[Opening Data for review section]

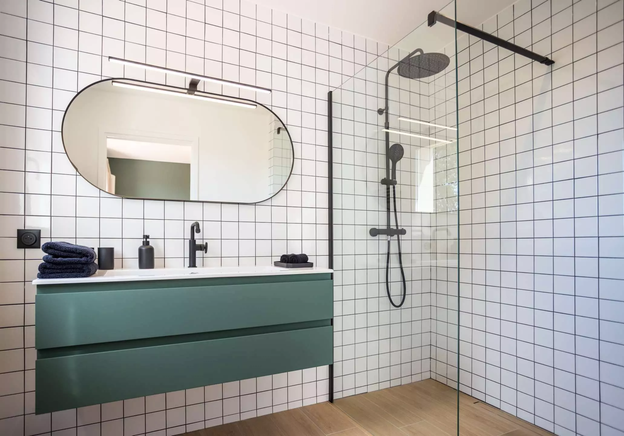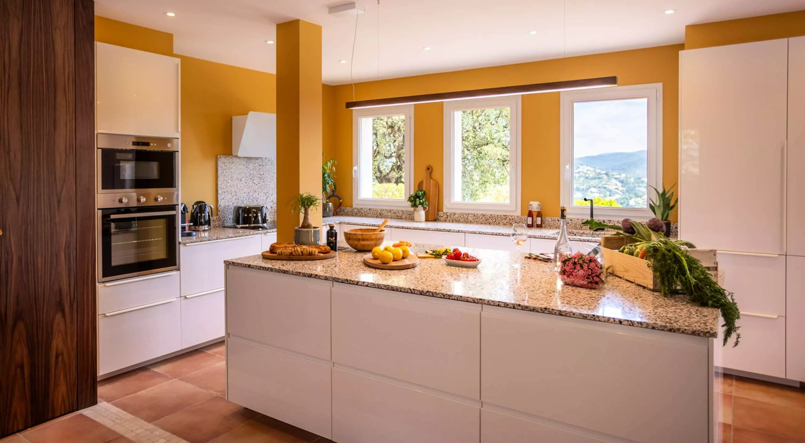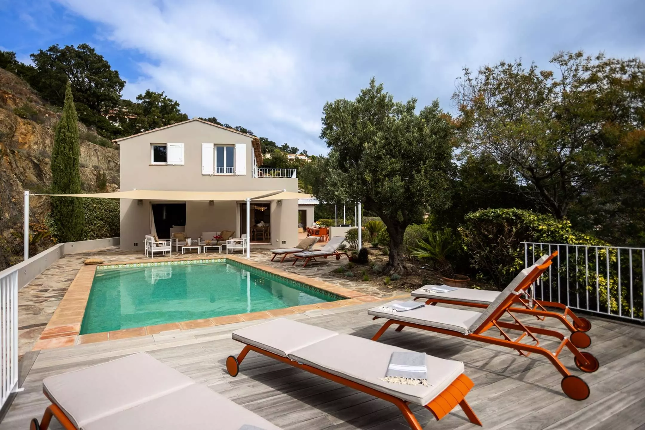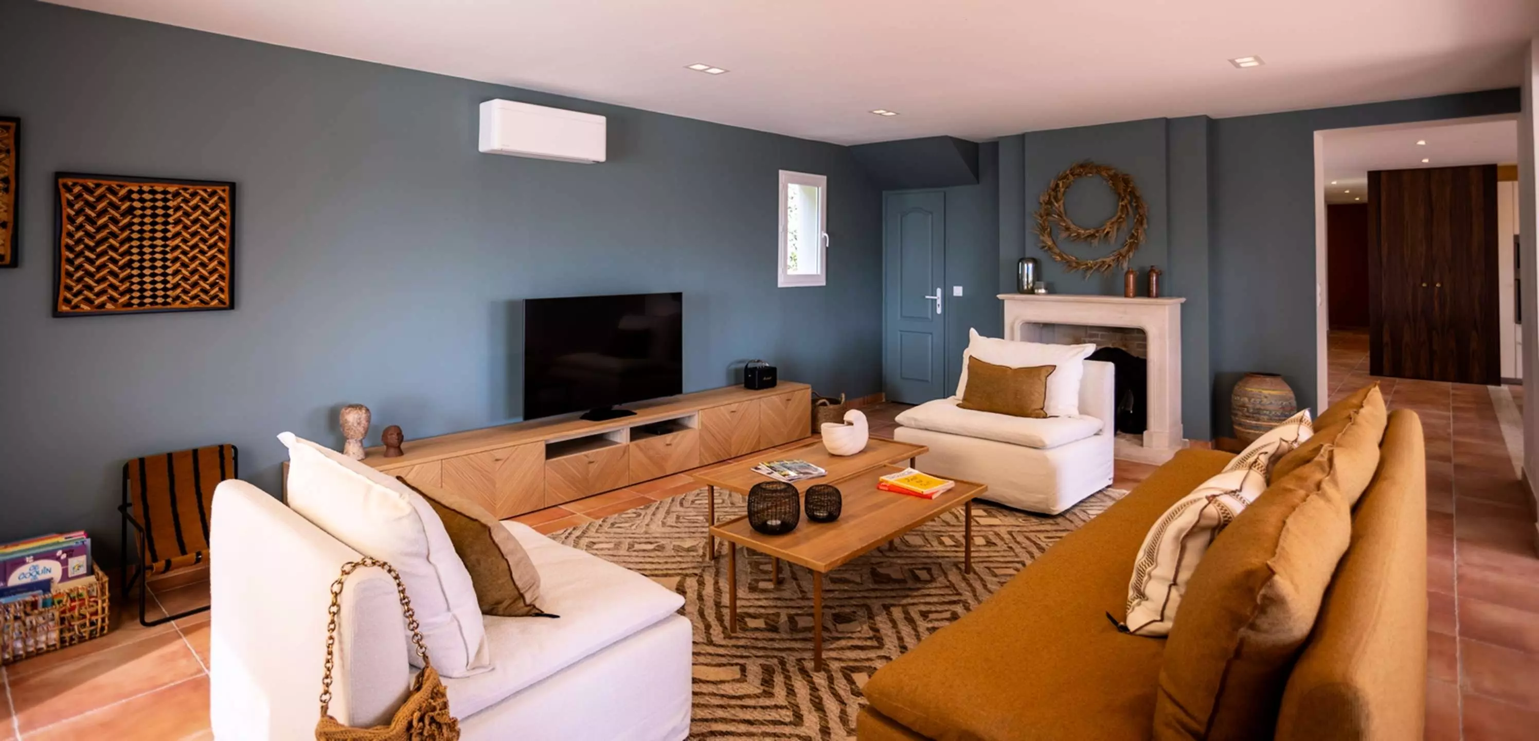 This fully air-conditioned villa is composed of a large living/dining room, an equipped and open kitchen (electric oven, double combined refrigerator, microwave, kettle toaster, filter coffee maker, Nespresso, laundry room with dishwasher, induction hob...) all opening onto two large furnished terraces with a beautiful view of the swimming pool, the hills and the sea.
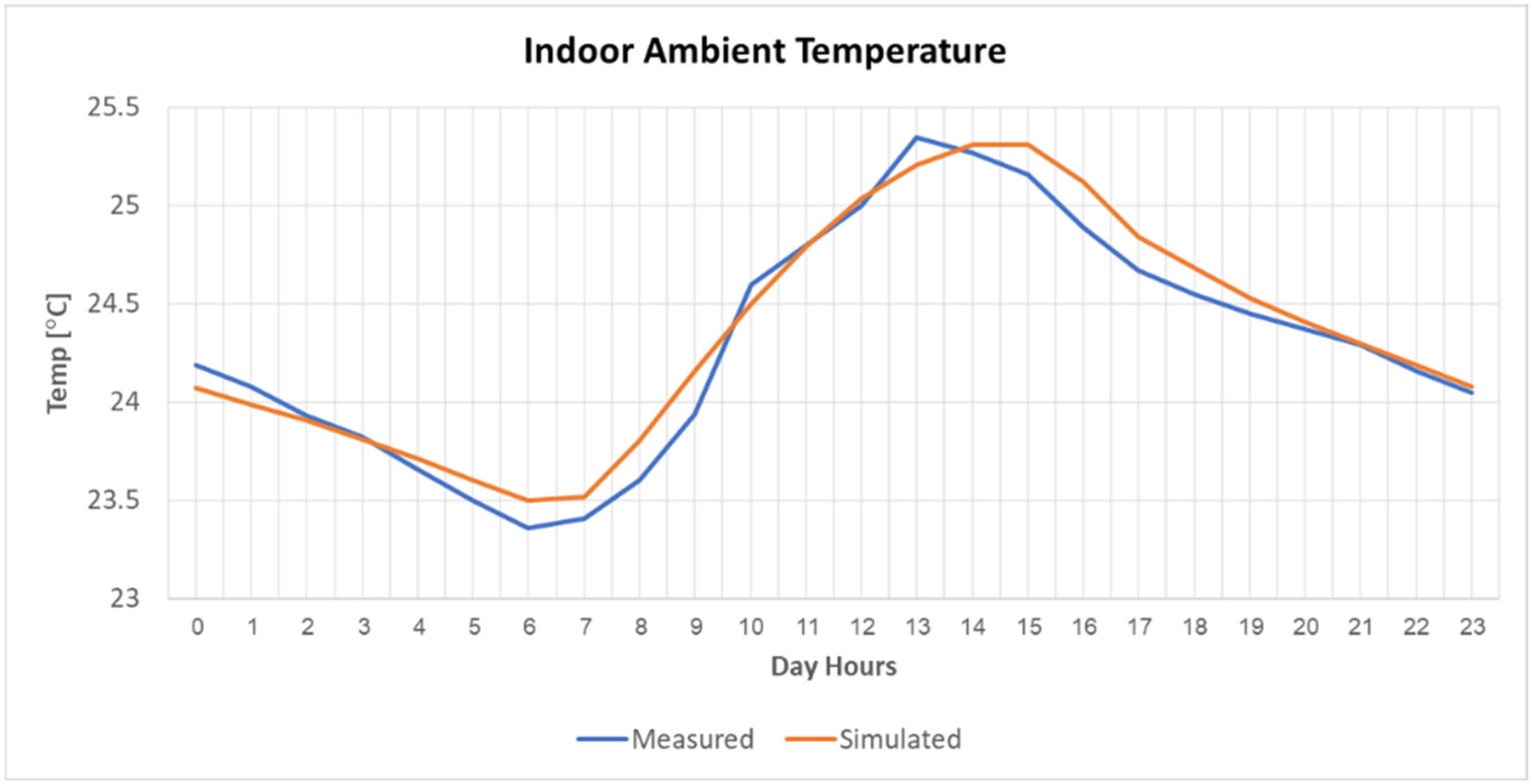 Throughout the results, a clear distinction is made between measured data and simulated outcomes. Empirical measurements reflect actual classroom conditions under typical operation, including irregular HVAC usage and occupancy-driven fluctuations. Simulated scenarios, by contrast, were constructed under controlled boundary conditions to assess the isolated and combined impact of envelope insulation and night ventilation. These simulations, calibrated using real data, allow for predictive comparisons and scenario testing while maintaining fidelity to observed behavior.
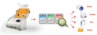 | Skanuj bezpośrednio do popularnego formatu plików za pomocą jednego naciśnięcia przycisku Plustek DocAction czyni skanowanie prostym jak naciśniecie dosłownie jednego przycisku.Dzięki skanerowi Plustek SmartOffice PS283 , możesz skanować bezpośrednio do przeszukiwalnego pliku PDF oraz innych popularnych formatów obrazów, a następnie przesłać zeskanowane przez Ciebie dokumenty na pocztę e-mail, drukarkę, dowolny folder lub serwer FTP. Wszystko co musisz zrobić to jedynie nacisnąć jeden przycisk, który znajduje się na skanerze. Ponadto do skanera PS283 , dołączony jest pakiet sterowników TWAIN, które umożliwiają użycie tysiąca aplikacji do zarządzania dokumentacją oraz zeskanowanymi obrazami. |
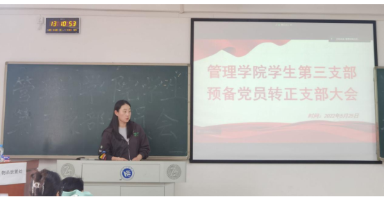 为进一步健全和完善支部组织建设,增强组织生机与活力。5月25日中午12:30,管理公司员工第三支部委员会在新校区教学楼B栋407召开预备党员转正大会,讨论黄薇等14名预备党员的转正问题。会议由支部书记陈祎婷同志主持,支部共25名正式党员、33名预备党员参加会议。
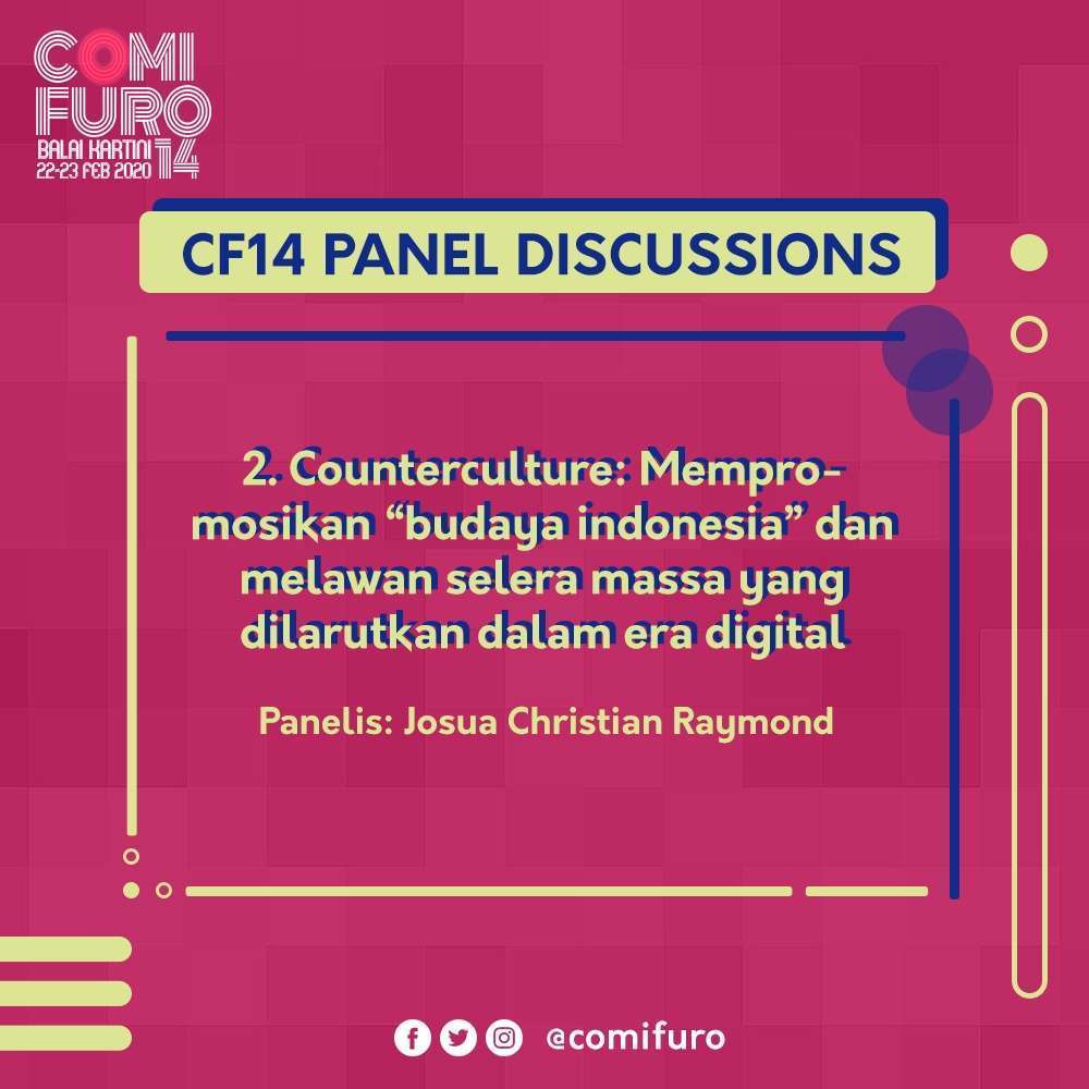 Comic Frontier 14 juga akan menghadirkan berbagai acara dan konten baru di panggung utama. Salah satunya ada kesempatan para insan kreatif untuk turut serta tampil memeriahkan perhelatan ini dalam konten berjuk diskusi panel yang dilansanakan di panggung utama. Diskusi panel ini dibawakan oleh para panelis dari berbagai macam latar belakang yang diseleksi oleh tim Comic Frontier. Sesi diskusi panel ini diadakan menyambut semakin banyaknya studi ilmiah dan diskusi seputar pop culture yang diadakan baik dalam media forum diskusi, blog, jurnal ilmiah, hingga podcast.

[Closing Data for review section]

What is needed is an exact copy of the lines above from the one with "Throughout the results, a" to the one with "为进一步健全和完善支部组织建", both ends kept, and nothing more; please leave the pictures out.

 Throughout the results, a clear distinction is made between measured data and simulated outcomes. Empirical measurements reflect actual classroom conditions under typical operation, including irregular HVAC usage and occupancy-driven fluctuations. Simulated scenarios, by contrast, were constructed under controlled boundary conditions to assess the isolated and combined impact of envelope insulation and night ventilation. These simulations, calibrated using real data, allow for predictive comparisons and scenario testing while maintaining fidelity to observed behavior.
 | Skanuj bezpośrednio do popularnego formatu plików za pomocą jednego naciśnięcia przycisku Plustek DocAction czyni skanowanie prostym jak naciśniecie dosłownie jednego przycisku.Dzięki skanerowi Plustek SmartOffice PS283 , możesz skanować bezpośrednio do przeszukiwalnego pliku PDF oraz innych popularnych formatów obrazów, a następnie przesłać zeskanowane przez Ciebie dokumenty na pocztę e-mail, drukarkę, dowolny folder lub serwer FTP. Wszystko co musisz zrobić to jedynie nacisnąć jeden przycisk, który znajduje się na skanerze. Ponadto do skanera PS283 , dołączony jest pakiet sterowników TWAIN, które umożliwiają użycie tysiąca aplikacji do zarządzania dokumentacją oraz zeskanowanymi obrazami. |
 为进一步健全和完善支部组织建设,增强组织生机与活力。5月25日中午12:30,管理公司员工第三支部委员会在新校区教学楼B栋407召开预备党员转正大会,讨论黄薇等14名预备党员的转正问题。会议由支部书记陈祎婷同志主持,支部共25名正式党员、33名预备党员参加会议。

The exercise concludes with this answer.